Shoppers, say goodbye to impulse control. Software platforms that drive ecommerce websites are creating visual search capabilities which allow consumers to upload an image and find similar/complementary products. The visual search capabilities, particularly via mobile, “reads” the item for clues -- color, shape, size, fabric and brand. This helps consumers to find exactly what they are looking for right away.
Offline to online worlds merge.
These visual search capabilities can now create ties from online to offline like never before. As retailers redefine the way consumers engage with their brand, retail of the future will have more information about shoppers to improve their customer service, ultimately to create the opportunity to sell more items. The offline to online experience requires minimal steps to shop and purchase, providing a sense of autonomy to the consumer.

Personalization.
Personalization in ecommerce is nothing new. But thanks to emerging AI technologies, online brands of all sizes will have increasing access to tools laser-focused on personalization.

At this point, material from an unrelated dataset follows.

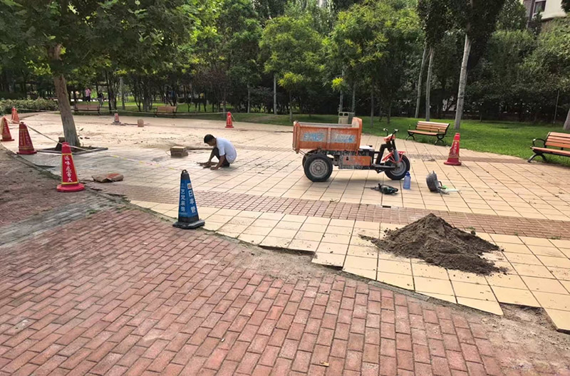 在社区与物业的共同努力下,整改工作迅速推进。双方共同出资,组织专业人员对小广场展开全面修整。不仅将大树移栽后留下的土坑填平,还在现有大树的树坑周围铺设了可透水砖。对于地面上缺损的瓷砖,工作人员逐一排查、统一更换,不到一周时间便顺利完工。

Many retailers currently use collaborative filtering to provide customers with recommendations. These collaborative filters base their results on most viewed history, best sellers, evergreen trends and other general parameters. But collaborative filters are limited because they only gather data from one channel, be that the online store, the brick and mortar store, or the mobile application. AI brings a seamless customer experience across all of those channels.
Virtual personal shopper.
Brands are creating more interactive shopping experiences to provide product recommendations based on natural conversation and cognitive data derived from AI. The intelligent shopping assistants are faster than humans, can analyze huge quantities of data in minimal time, and perform human-like interactions that have ‘personalities’ designed to reflect that brand’s image. Virtual personal shoppers will become an entertaining and engaging point of contact for users.

Your audience is open to AI.
A study from the research firm J. Walter Thompson, reveals that consumers are interested in how AI will be used in retail: 70 percent of US millennials say they would appreciate a brand or retailer using AI technology to show more interesting products. And 72 percent believe that as the technology develops, brands using AI will be able to accurately predict what they want.